“Part of my PhD research was monitoring the data that came off the engines of Airbus A380, Boeing 787 ‘Dreamliner’ and the Eurofighter Typhoon,” says David Clifton, Professor of Clinical Machine Learning and Head of the Computational Health Informatics Lab (CHI) at the Oxford University. “It was great fun. I used the 900 engines’ worth of information to create patented systems that would monitor the condition of other jet engines and sold them to Rolls Royce.”
Professor Clifton thought he could repeat his success when he began his post-doctoral training at the emergency department of the Oxford University Hospital. He was wrong. “Back then, patients had to wait about four hours before they were attended to,” he added. “I was not able to do anything because there was no data. Whatever we had about the patients was all in papers.”
Things changed over the years as healthcare systems were digitized, but nonetheless, Professor Clifton believes more can be done to make the most of healthcare data that are locked behind electronic health records (EHRs). That’s why CHI pledges to design data-driven interventions and put them in the hands of clinicians. “A lot of the work that CHI does is consultancy,” Professor Clifton explains. “We are based on the medical campus and 30 seconds away from our clinical colleagues so that we can sit down with them, understand their challenges and try to work out what engineering techniques we have to overcome the challenges.”
Specifically, CHI is capitalizing on machine learning, which is known for processing huge quantities of data all the time. The team had created three predictive models based on patients’ physiology measured at the start and progressively as they were admitted. These models not only forecast the conditions of patients. They are also recommendation providers as clinicians can compare the physiology of new patients to the physiological patterns of admitted patients and take the most appropriate actions.
CHI had also designed a deep learning neural network to find out which tuberculosis mutations are resisting to present treatment. Traditionally, researchers must grow the bacteria that cause tuberculosis in the lab and observe the drugs that deplete it. The process could take up to six weeks as the growing time of tuberculosis bacteria is so long. With machine learning, CHI sequenced and gathered thousands of tuberculosis genomes and their potential mutations, to sift out those that are drug-resistant. All these can be done within a single day, without the need for a microbiology lab.
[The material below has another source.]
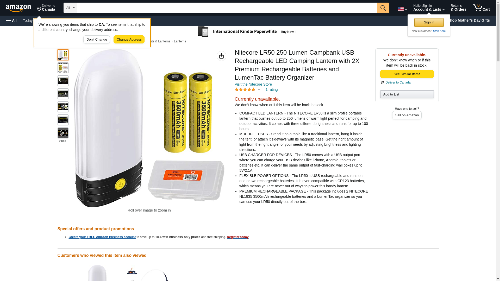 The NITECORE LR50 is a slim profile portable lantern that pushes out up to 250 lumens of warm light perfect for camping and outdoor activities. This ultra compact lantern is great in any situation weighing under four ounces. The LR50 comes with three different brightness settings which can be adjusted to multiple illumination directions to provide you just the right amount of light in any situation as well as save power. Stand it on a table and use the forward lighting while reading or napping, or use the handy hanging loop or magnetic base and position the LR50 wherever you please.<br><br>The LR50 is much more than just a lantern. It comes with a USB output port where you can charge your USB devices like iPhone, Android, tablets, batteries and more. The flashing blue led battery indicator will glow steadily letting you know when it is done with charging. Furthermore, it supports multiple flexible power options. The LR50 is USB rechargeable and runs on one or two 18650 batteries. It is even compatible with CR123 batteries, which means you are never out of ways to power this handy lantern. You can even use it while charging it at the same time. You can enjoy all of this functionality on the LR50 for up to 100 hours of run time.<br><br><b>Specifications:</b><br>* LED: HIGH CRI LED 9x </br>* Maximum Brightness: 250 lumens</br>* Peak Beam Distance: 26 yards</br>* Peak Beam Intensity: 37 cd</br>* IP Rating: IP66 </br>* Impact Resistance: 1 m</br>* Brightness & Runtimes:<br>++++ High: 250 lumens / 10 hr<br>++++ Mid: 65 lumens / 22 hr<br>++++ Low: 6 lumens / 100 hr<br>++++ SOS: 250 lumens / --<br>++++ Beacon: 250 lumens / --<br>* Dimensions: L-1.18"xW-2.24"xH-4.72"<br>* Weight: 3.88oz<br><br>

Given the ongoing COVID-19 pandemic, CHI focused on coming up with a better testing procedure. “In addition to helping the emergency department to predict bed usage and severity of patients, I think a big bottleneck, at least in the UK, has been testing,” Professor Clifton says. “A friend of mine took two days off from his clinical duties waiting for test results, which eventually came back as negative. He could have been working during those two days treating patients.”
Indeed, as Professor Clifton points out, existing COVID-19 tests take 24 to 36 hours to return a result. They have limited sensitivity as only 60-70% of the infected patients will be identified. Besides, the tests require scraping cells from the back of the throat which often puts testers at risk. The AI-based test was co-developed by the CHI team and the emergency department of Oxford University Hospital using routinely acquired blood tests. It’s real-time, highly sensitive (identify more than 80% of infected individuals), effectively cost-free and needing only a regular blood sample which can be taken by GPs and for all hospital patients.
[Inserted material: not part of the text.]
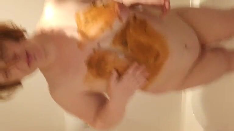 Chubby milf masturbating with fresh poop

“My friend working at Microsoft once joked, ‘when you are trying to recruit researchers, you’d tell them you are doing machine learning in healthcare. When you are trying to sell it, you’d call it AI in healthcare,” Professor Clifton says. “In reality, I am building a track record of AI in infectious disease, AI in population health, AI in the emergency department, and the list goes on.”
CHI opened its second site in Suzhou, China in 2018, with support from the Chinese government so that researchers can harness more data to build AI-driven tools that have a wider impact.
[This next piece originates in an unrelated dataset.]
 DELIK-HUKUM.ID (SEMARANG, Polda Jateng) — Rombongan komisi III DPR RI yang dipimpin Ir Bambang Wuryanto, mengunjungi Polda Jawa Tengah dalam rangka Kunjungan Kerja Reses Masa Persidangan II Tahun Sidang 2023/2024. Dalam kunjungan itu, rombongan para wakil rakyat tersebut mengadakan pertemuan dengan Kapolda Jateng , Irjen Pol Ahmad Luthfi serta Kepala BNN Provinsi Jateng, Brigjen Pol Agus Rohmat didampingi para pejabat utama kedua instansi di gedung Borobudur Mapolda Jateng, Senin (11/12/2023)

In 2019, the Wellcome Trust funded its first flagship center consisting of a CHI and Oxford University clinical research unit in Vietnam to work with the local infectious disease facility. “We want to make AI available to middle and low-income countries, where they have limited access to resources and medical experts.” Professor Clifton adds. “AI-driven tools were built using everyone’s data, so they should be used on as many people as possible too.”